Dry nutrients are salt based. In chemical terms a salt is an assembly of ions with a net neutral charge. All ions have a charge by virtue of their electrons and protons not being in perfect equilibrium. Negative ions are called anions and have one or more extra electrons, whereas positive ions are called cations and have lost one or more electrons. So, then, salts are a grouping of cations and anions held together by their complementary charges which balance each other out resulting in a neutral charge.
But hold on a moment. While these salts don’t possess a charge over all their component parts are still charged. Depending on the geometry of the various ions the salt is said to be either polar or nonpolar. Polarity simply means that the molecule has a positive side and a negative side (technically polarity also requires asymmetry so that the positive and negative areas don’t cancel out one another).
Water is a perfect example of a polar molecule. In fact, the polarity of water is what makes it such a good solvent. When salt is added to water it dissolves because the water molecules arrange themselves around the different ions and isolate them.
Let’s take NaCl, common table salt, as an example. Na (sodium) is a positively charged ion (a cation) and Cl (chlorine) is negatively charged (an anion). When added to water the Na+ ion is surrounded by the negative pole (O-) and the Cl- ion is surrounded by the positive pole (H2+) thus effectively breaking the ionic bond that holds NaCl together when not in solution.
So what does all this have to do with nutrient uptake?
Solutes will naturally move from areas of high concentration to areas of low concentration through a process called diffusion. When diffusion occurs through a semipermeable membrane (like a cell wall) it’s called osmosis. This method of nutrient uptake doesn’t take energy on the part of the plant because it moves nutrients down the concentration gradient; this is known as passive transport.
Cell walls are pretty complex structures; there are several different means of passive transport that move solutes with the concentration gradient. But what about when the roots need to uptake nutrients against this gradient?
Since this will involve moving solutes through the membrane in the opposite direction it’s going to require energy expenditure from the plant (and thus is termed active transport). This is where all that talk of ions, above, comes into play. We already know that solutions will naturally diffuse and equalize their concentrations where possible, but the other part of this picture is the electrical potential gradient.

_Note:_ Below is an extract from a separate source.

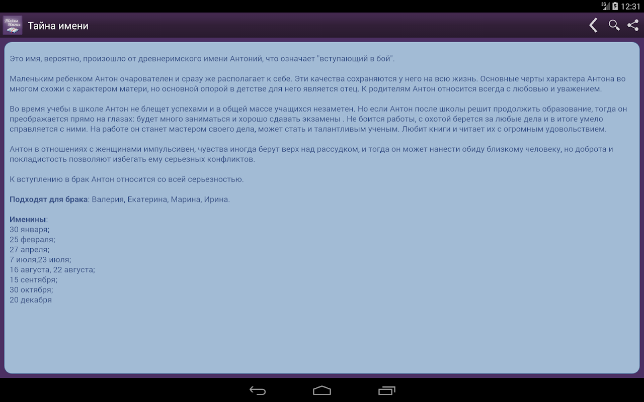 С помощью нашего приложения Вы можете узнать тайный смысл своего имени или подобрать наиболее подходящее имя для своего ребенка.

Electric potential gradient is simply the net difference in charge across the cell membrane (ie. inside vs outside the cell). It functions similarly to the concentration gradient with positive and negative charges striving to equalize themselves. Ions will move through the membrane into the cell based on differences in concentration of solutes. As these ions diffuse they change the electrical gradient because they each carry a charge. This combined gradient (the electric as well as the concentration) is known as the electrochemical gradient.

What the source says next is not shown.